Читать Жуть
Гена Лесик стал «спотыкаться» на словах, которые начинались с губных согласных «б» и «п», с момента появления у него речи. Родители водили сына сначала по врачам, потом по бабкам. Эффект был одинаковый. Речь не выравнивалась. Если встречались непроизносимые согласные, его губы плотно смыкались, белели, а лицо напрягалось и краснело. Щеки и губы надувались воздухом, который периодически прорывался изо рта наружу, и получалось что-то типа серии плевков. Раздраженный Гена начинал гримасничать, дергать головой и руками, упрямо пытаясь произнести ненавистные звуки. Крылья его носа раздувались, словно помогая губам. От напряжения он даже переставал моргать. Измучив себя и собеседника, в конце концов выдыхал безнадежно и шумно, замолкал и отвечал без слов, просто кивая головой. Но иногда у Гены бывали «светлые» периоды, когда говорилось легко. Тогда окрыленный речевым успехом пацан начинал тараторить взахлёб, стараясь, как пулемётчик, выпалить всё и сразу, пока не спотыкался снова.
Кто-то из родственников решил, что ребенка напугала собака. Во двор Владивостокской пятиэтажки, где жил Гена, захаживали какие-то пёсики. Но непоседливый и неуёмный Гена гонялся за ними, размахивая палками и «обстреливая» камнями. Испуганные собачки разбегались. Гена переключался на голубей или друзей. Получалось, что пострадавшим был вовсе не он, а окружающие. Но версия с собаками так и осталась у родных ведущей в объяснении причины Генкиного заикания.
Он легко сходился со сверстниками, и также легко ссорился после притязаний на чужие игрушки и нежелания проигрывать и уступать. На улице Гена любил носиться по лужам, лазать по деревьям, периодически срываясь с веток. Он обожал маму, но часто игнорировал её просьбы и указания. Особенно, если мама кричала: «Гена, домой!».
Идея родителей определить ребенка в детский сад, где он мог бы готовиться к школе и общаться со сверстниками, на деле оказалась неосуществимой. Гена, узнав предстоящий маршрут, наотрез отказывался собираться в садик, цеплялся руками и упирался ногами за все выступающие части в квартире. Срывал с себя одежду, прятался под кровать. А если взрослые насильно пытались вести его, он истошно кричал на весь дом. Родители решили, что проще уступить сыну, чем заработать инфаркт. Так и просидел Гена дома то у окна, то у телевизора до семи лет.

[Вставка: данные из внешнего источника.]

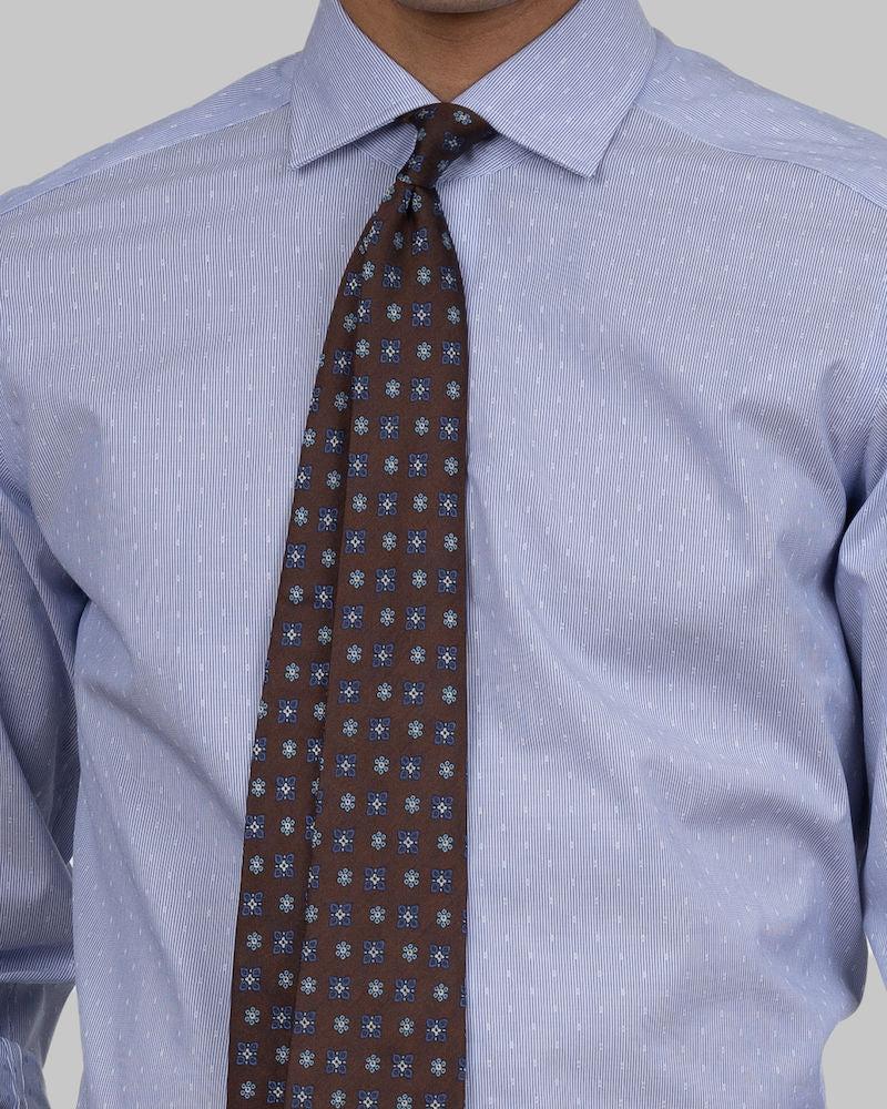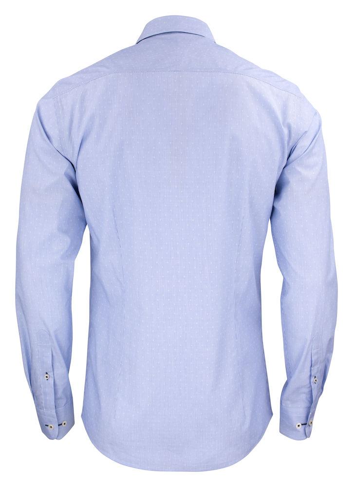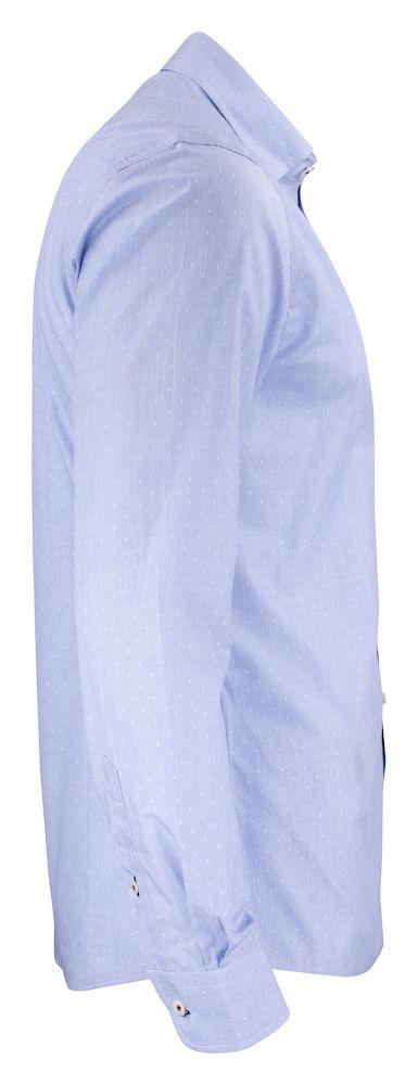 Et finstripet skyblått og lett dobbelt jacquardstoff, vevd med hvite prikker for å skape et moderne og sofistikert utseende. Kombineres flott med en dress eller sammen med jeans. Vårt nyutviklede stoff er laget med en mekanisk stretch som gir bedre komfort. Vårt nyutviklede stoff er laget med mekanisk stretch som gir skjorten svært god komfort.

Желание пойти в школу возникло вместе с появлением новой одежды, яркого ранца и красочных учебников. В августе Гена периодически надевал школьную форму, принимал гордую осанку и смотрелся в зеркало. А уже в октябре он носил рюкзак на сгорбленной спине с потухшим взором. Сидеть неподвижно полдня в классе было выше его сил. На переменах Гена отрывался, впадал в состояние безудержного броуновского движения. Но перемены быстро заканчивались, и опять начинались бесконечные уроки.

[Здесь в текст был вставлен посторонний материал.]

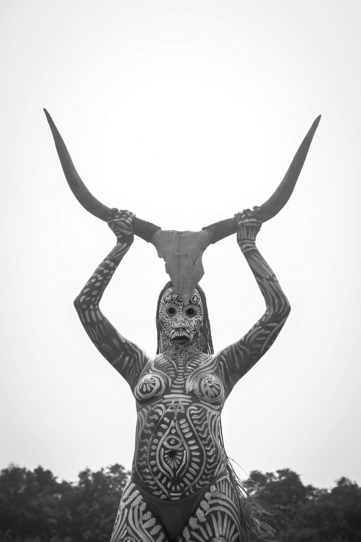 The piece was inspired by the Egyptian goddess Hathor. The image of a woman who is half-nude and holding a skull of a cow with large horns is a powerful visual representation of the goddess.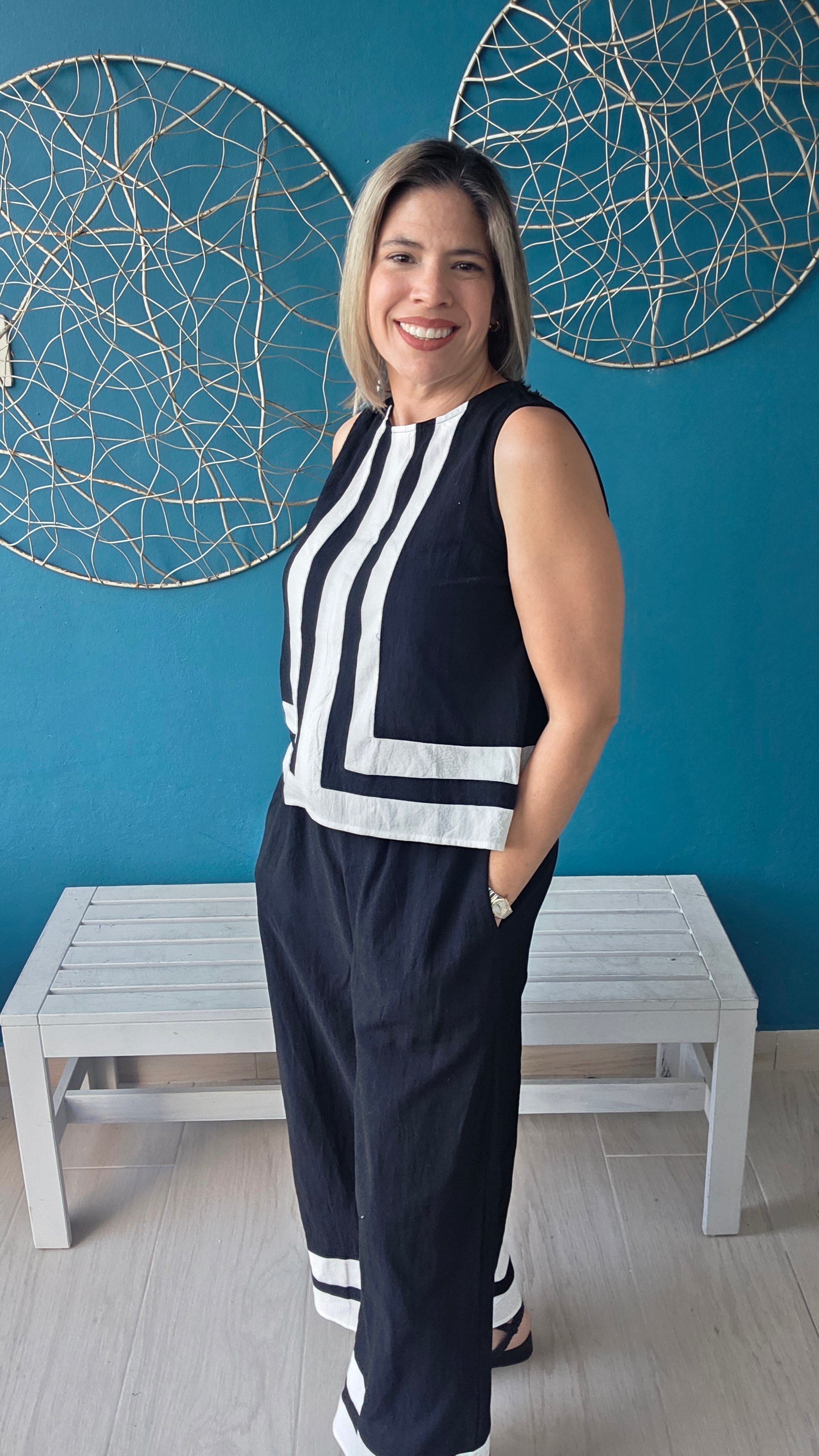 Elevate your everyday style with this linen blend tank and pants set, designed for effortless sophistication. The sleeveless tank features striking contrast trim accents and a keyhole neckline with button closure, while the cropped wide-leg pants offer a relaxed fit with an elasticized waist and adjustable drawstring. Perfect for warm weather dressing, this versatile two-piece set transitions seamlessly from casual outings to weekend gatherings. The breathable linen blend keeps you cool and comfortable all day long.

К заиканию товарища ребята отнеслись спокойно. Правда некоторые попытались его передразнивать, но прилетавшие без задержки Генкины оплеухи быстро избавляли от подражательства. Учительница сначала пыталась оберегать Гену, полагая, что он сильно переживает из-за речевого дефекта. Но вскоре с удивлением обнаружила, что её ученик, никогда не говоривший иначе, совсем не заморачивается по этому поводу и не пытается что-либо исправить. Наоборот, пользуется своим заиканием, чтобы избежать выполнения устных заданий. Ну не будут же 20 человек ждать, пока у Гены закончится артикуляционный припадок и он вымолвит фразу. И ругать его не будешь. И двойку ставить нельзя. А вдруг он знает, но не может сказать? Так и жил себе Гена во вполне комфортных условиях класса до седьмого.